- _Task brief_: Output exactly the lines of the listing below that run from the line with "Mais acidente de" through the line with "Homs -SANA /". No pictures.

- _Records provided_:
········

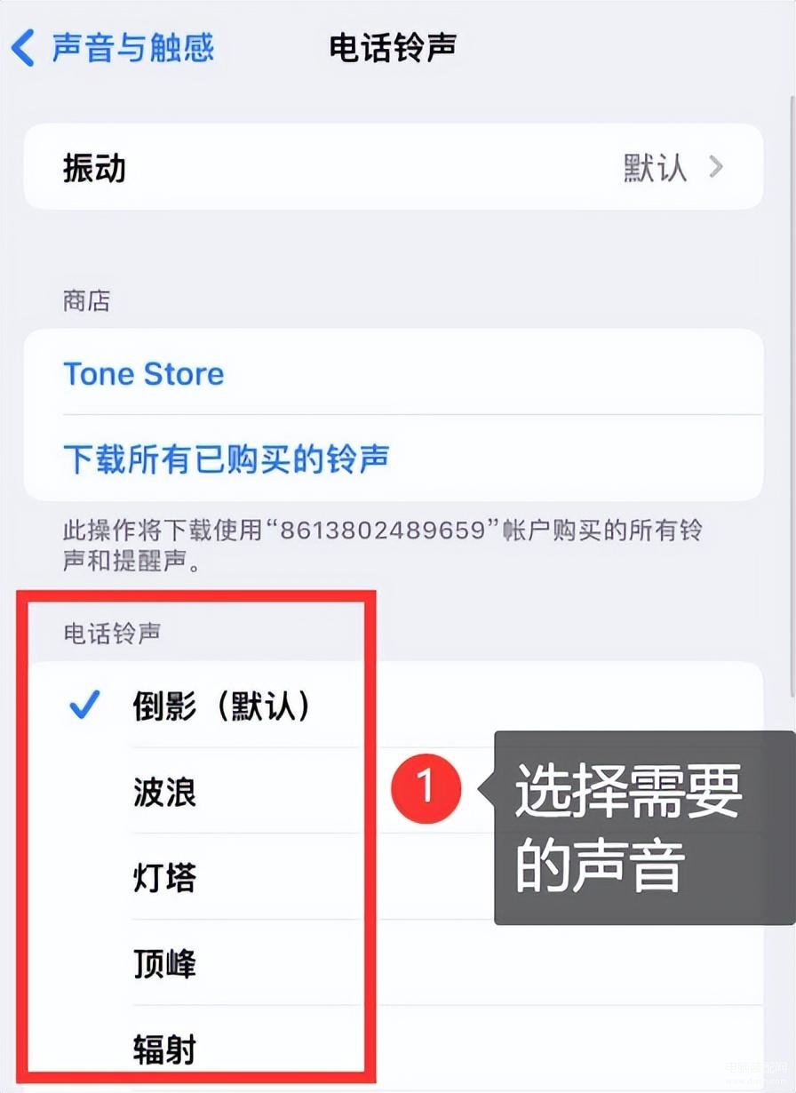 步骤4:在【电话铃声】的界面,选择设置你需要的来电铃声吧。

········

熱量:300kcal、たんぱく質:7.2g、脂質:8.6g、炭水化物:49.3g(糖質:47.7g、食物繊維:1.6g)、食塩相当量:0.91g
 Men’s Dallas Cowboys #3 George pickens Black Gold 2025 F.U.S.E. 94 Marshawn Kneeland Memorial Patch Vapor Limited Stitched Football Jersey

········

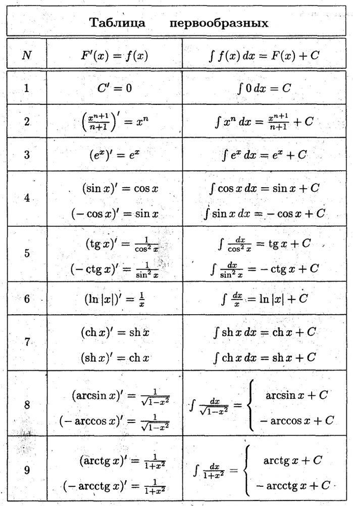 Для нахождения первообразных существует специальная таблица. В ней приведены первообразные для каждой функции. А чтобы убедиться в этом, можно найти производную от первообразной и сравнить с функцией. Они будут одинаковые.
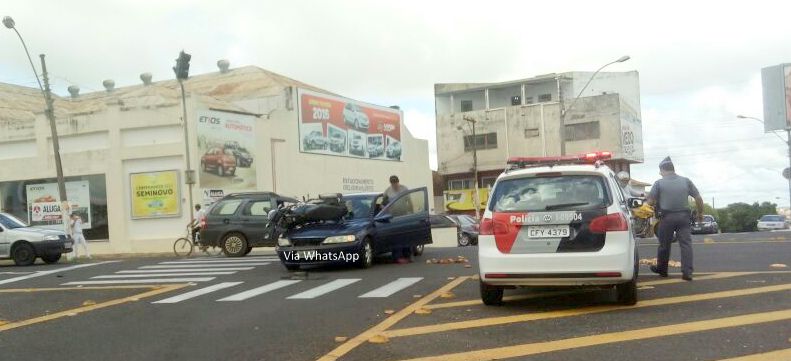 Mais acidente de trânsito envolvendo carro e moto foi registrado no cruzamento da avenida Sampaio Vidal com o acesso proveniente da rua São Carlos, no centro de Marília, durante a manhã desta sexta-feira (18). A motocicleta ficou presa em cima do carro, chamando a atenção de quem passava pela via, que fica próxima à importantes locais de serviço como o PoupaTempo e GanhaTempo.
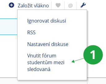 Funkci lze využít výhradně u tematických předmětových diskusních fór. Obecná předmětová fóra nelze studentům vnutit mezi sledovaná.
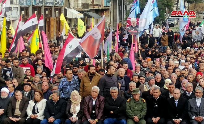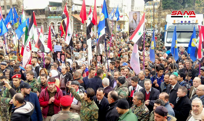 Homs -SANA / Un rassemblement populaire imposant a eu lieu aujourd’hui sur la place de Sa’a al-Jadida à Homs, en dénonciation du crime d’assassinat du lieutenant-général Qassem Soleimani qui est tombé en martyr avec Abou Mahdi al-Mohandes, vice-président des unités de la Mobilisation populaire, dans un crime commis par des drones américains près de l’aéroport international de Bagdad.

········

- _Response to this task_:
 Mais acidente de trânsito envolvendo carro e moto foi registrado no cruzamento da avenida Sampaio Vidal com o acesso proveniente da rua São Carlos, no centro de Marília, durante a manhã desta sexta-feira (18). A motocicleta ficou presa em cima do carro, chamando a atenção de quem passava pela via, que fica próxima à importantes locais de serviço como o PoupaTempo e GanhaTempo.
 Funkci lze využít výhradně u tematických předmětových diskusních fór. Obecná předmětová fóra nelze studentům vnutit mezi sledovaná.
 Homs -SANA / Un rassemblement populaire imposant a eu lieu aujourd’hui sur la place de Sa’a al-Jadida à Homs, en dénonciation du crime d’assassinat du lieutenant-général Qassem Soleimani qui est tombé en martyr avec Abou Mahdi al-Mohandes, vice-président des unités de la Mobilisation populaire, dans un crime commis par des drones américains près de l’aéroport international de Bagdad.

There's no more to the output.